I wanted to take a bit of time to define a few words in this passage primarily for my own understanding, but as always, I like to share. The issue of nursing (in public) recently came up in a discussion and as you can imagine, things got a little heated (and I respectively bowed out). I later thought that some of these terms (in the First Timothy passage) needed to be reexamined as their meanings may or may not have been altered through the years. So, as best I could, I wanted to bring clarity (aka: definition) by peeking at the Father’s likely purpose.

Please (kindly) let me know what you think in the comment section below.

…He who receives correction is prudent. Proverbs 15:5

(*The following definitions are from Noah Webster’s 1828 American Dictionary and the Blue Letter Bible (Strong’s) Lexicon and will hereon be identified as NWD and BLB).

Holy

NWD: Properly, whole, entire or perfect, in a moral sense. Hence, pure in heart, temper or dispositions; free from sin and sinful affections. Applied to the Supreme Being, holy signifies perfectly pure, immaculate and complete in moral character; and man is more or less holy, as his heart is more or less sanctified, or purified from evil dispositions. We call a man holy,when his heart is conformed in some degree to the image of God, and his life is regulated by the divine precepts. Hence, holy is used as nearly synonymous with good, pious, godly.

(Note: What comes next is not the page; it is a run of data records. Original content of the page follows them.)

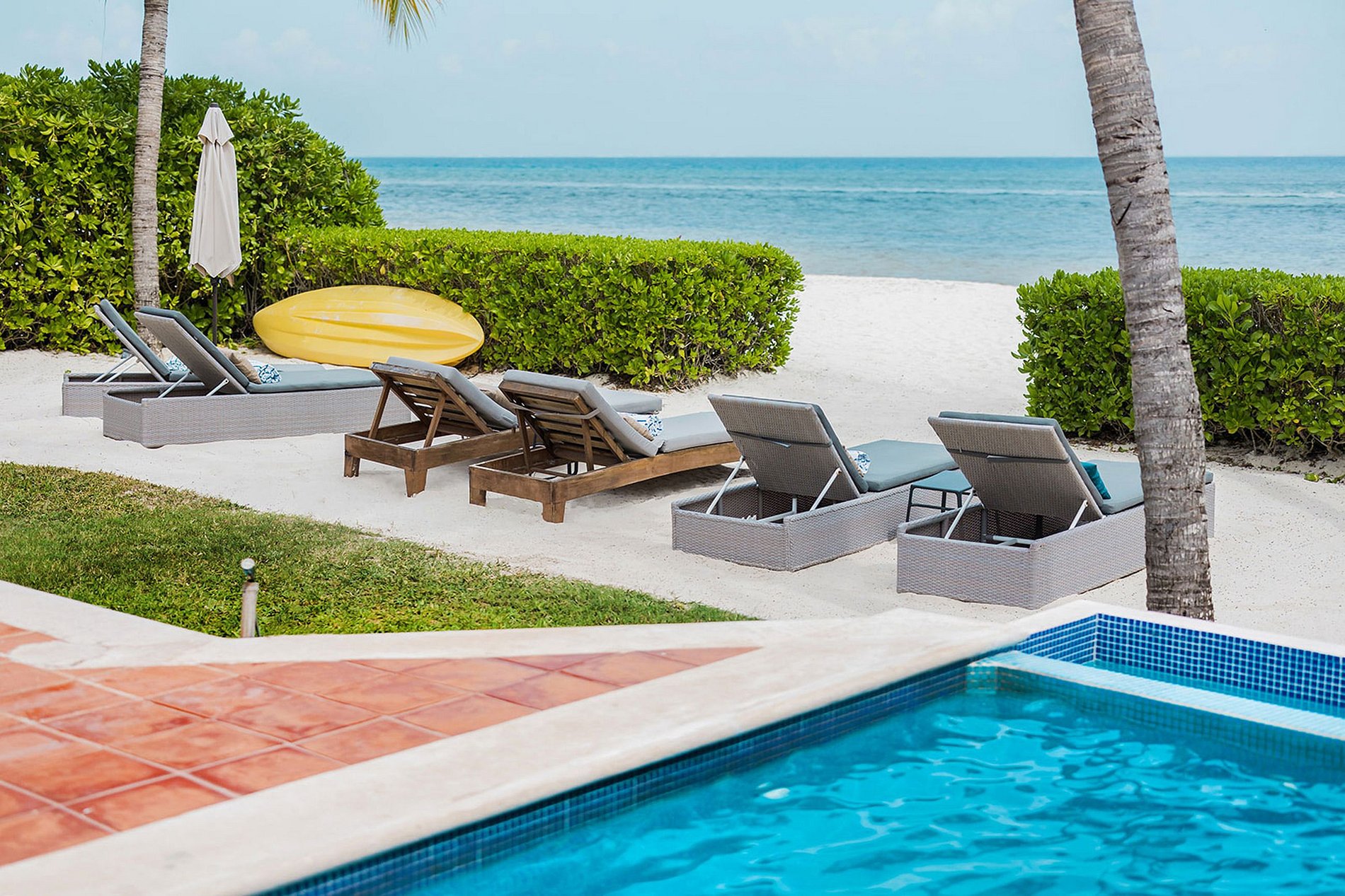 Les deux maisons indépendantes sont soigneusement conçues pour offrir une intimité tout en étant suffisamment proches pour un seul groupe voyageant ensemble. Combinés, ils offrent un hébergement pouvant accueillir jusqu'à 22 personnes, avec 9 chambres parfaitement adaptées pour les rassemblements et profiter du cadre en bord de mer. Le point culminant de l'espace extérieur est l'accès privilégié à la spectaculaire plage de sable blanc, complétée par des cabanes ornées de chaises longues et la présence de deux piscines accueillantes.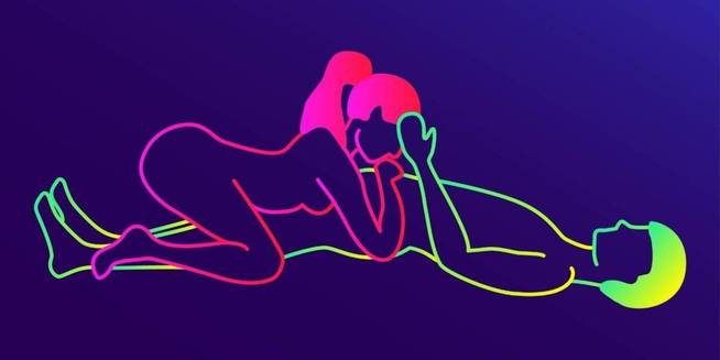 Esta posición es muy cómoda porque reduce la tensión en el cuello y la espalda de la mujer. La logística es la siguiente: él se tumba horizontalmente y ella se sitúa en cuclillas encima de él. Su cabeza está a la altura de la zona sexual masculina. La fémina tiene el torso apoyado en los muslos de él. Con ayuda de las manos, ella puede introducir el pene en su boca sin problemas. Para facilitar el proceso, él puede colocar debajo de su coxis un par de cojines, elevando así su altura y facilitándole el acceso a ella.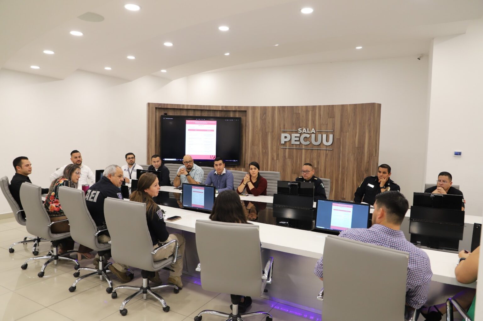 Colaboradores de las cadenas Carne Mart, OXXO y Circle K, sostuvieron una reunión inicial con funcionarios de la dependencia policial en la Sala PECUU de la Comandancia Norte, a fin de compartir estadísticas, datos y los proyectos que servirán para prevenir todo tipo robos y actuar de manera inmediata en caso de presentarse hurtos u otras situaciones que requieran la presencia de la autoridad municipal.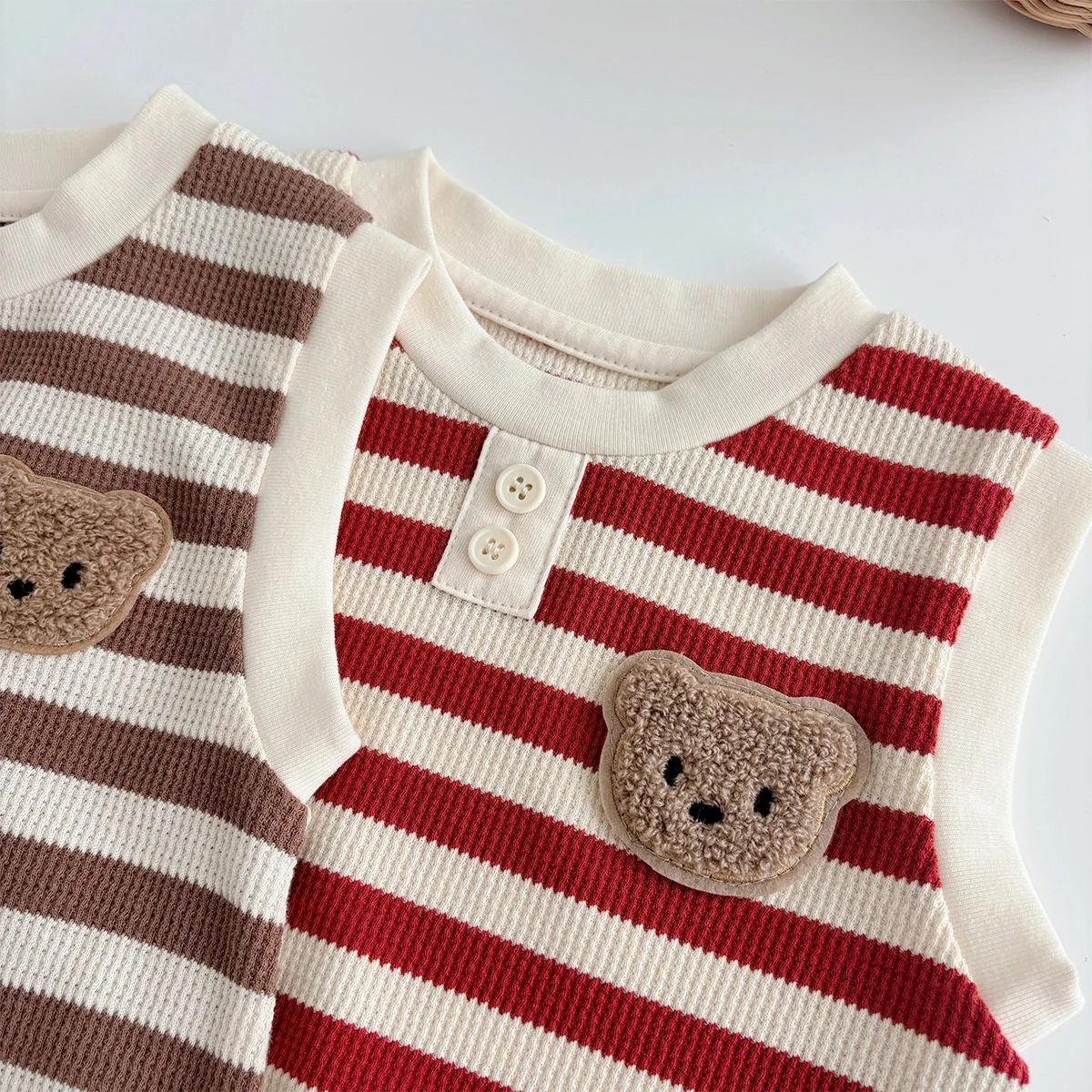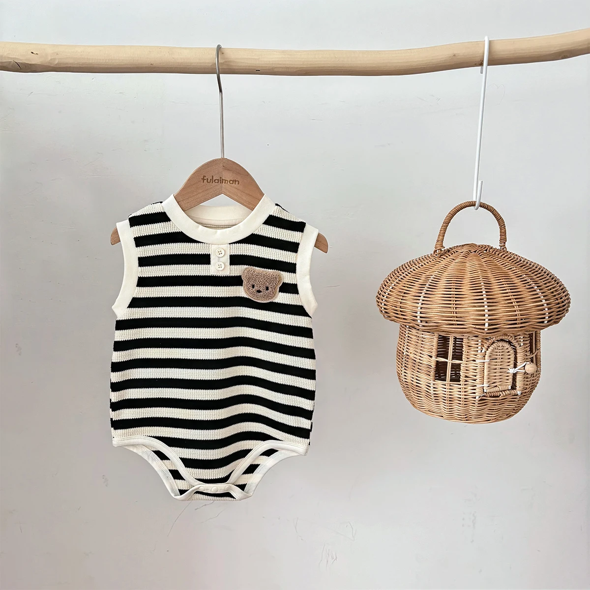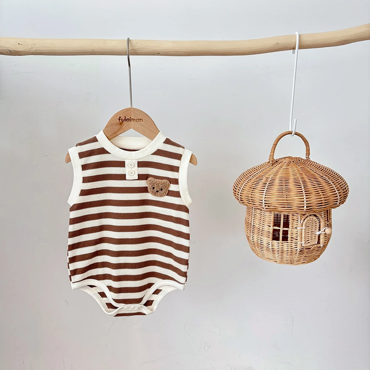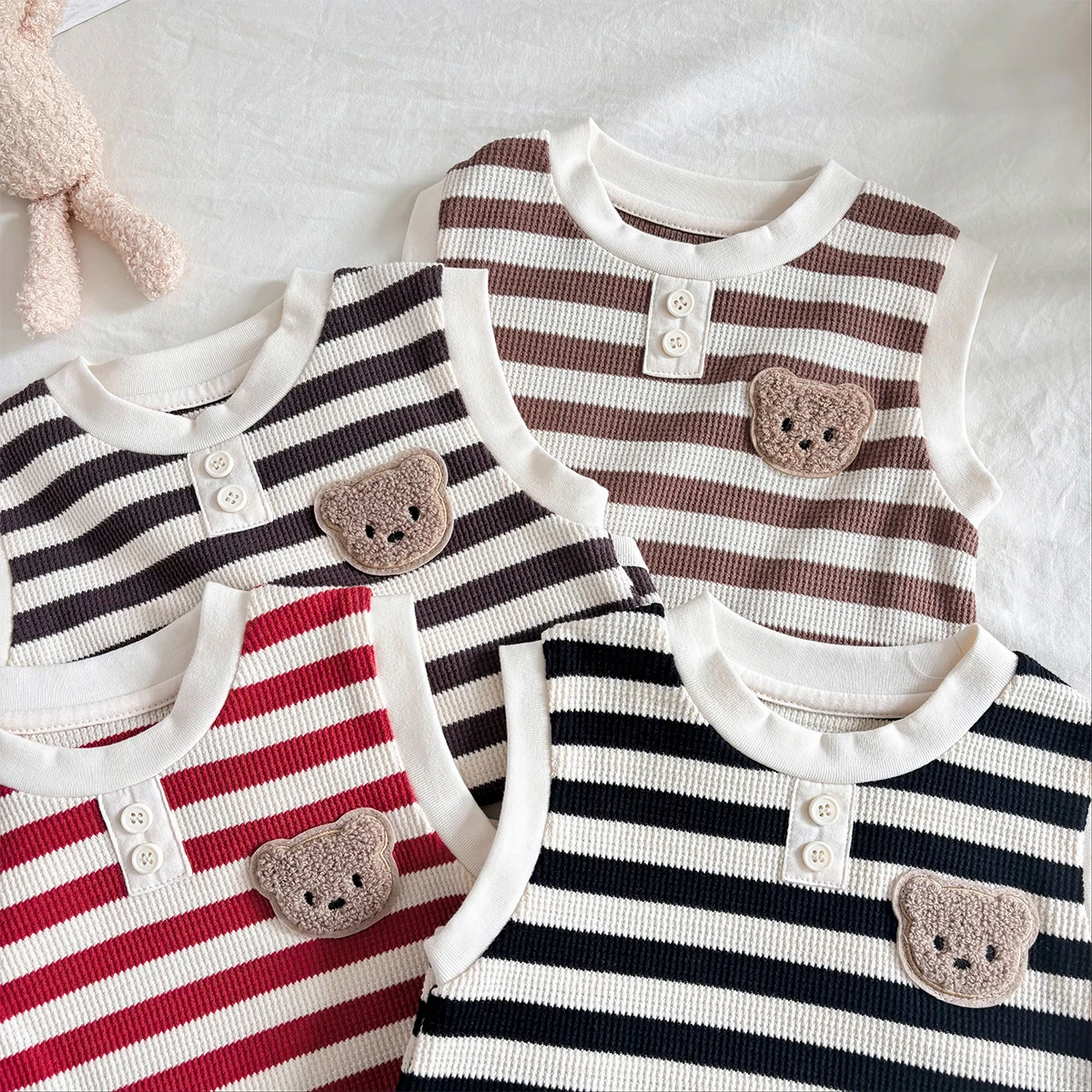 Summer Baby Striped Vest Triangle Bodies Baby Cute Bear Pattern Vest Bodies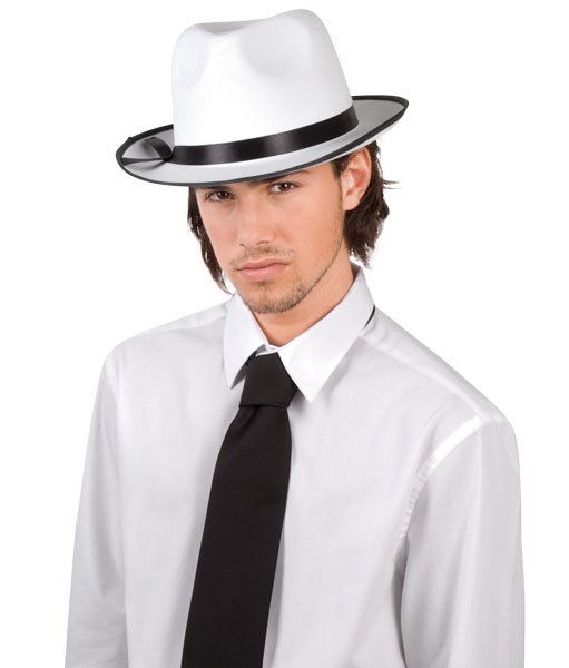 Complete that 20's look with this White Felt Al Capone Hat This white gangster hat includes a black ribbon trim detail.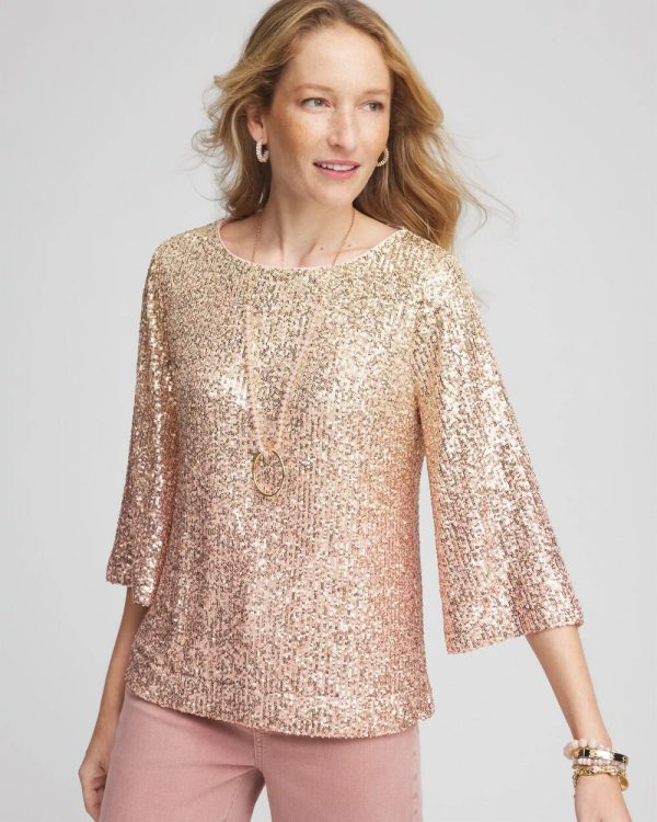 The Ombré Sequin Tee features flutter 3/4 sleeves and all over sequins in ombré rose gold that will turn heads this season. Pair with jeans or pants for glam outfit.

Many would add: ‘Set apart,’ as for the Lord.

BLB: Undefiled by sin, free from wickedness, religiously observing every moral obligation, pure holy, pious (Hosios in the Greek).

Modesty

NWD: That lowly temper which accompanies a moderate estimate of one’s own worth and importance. This temper when natural, springs in some measure from timidity, and in young and inexperienced persons, is allied to bashfulness and diffidence. In persons who have seen the world, and lost their natural timidity, modesty springs no less from principle than from feeling, and is manifested by retiring, unobtrusive manners, assuming less to itself than others are willing to yield, and conceding to others all due honor and respect, or even more than they expect or require.

Additionally: In females, modesty has the like character as in males; but the word is used also as synonymous with chastity, or purity of manners. In this sense, modesty results from purity of mind, or from the fear of disgrace and ignominy fortified by education and principle. Unaffected modesty is the sweetest charm of female excellence, the richest gem in the diadem of their honor. A modesty-piece is a garment that covers the bosom.

BLB: well-arranged, seemly, modest (from the Greek: kosmios, where we get the word cosmos)

Propriety

NWD: Fitness; suitableness; appropriateness; consonance with established principles, rules or customs; justness; accuracy. Propriety of conduct, in a moral sense, consists in its conformity to the moral law; propriety of behavior, consists in conformity to the established rules of decorum; propriety in language, is correctness in the use of words and phrases, according to established usage, which constitutes the rule of speaking and writing.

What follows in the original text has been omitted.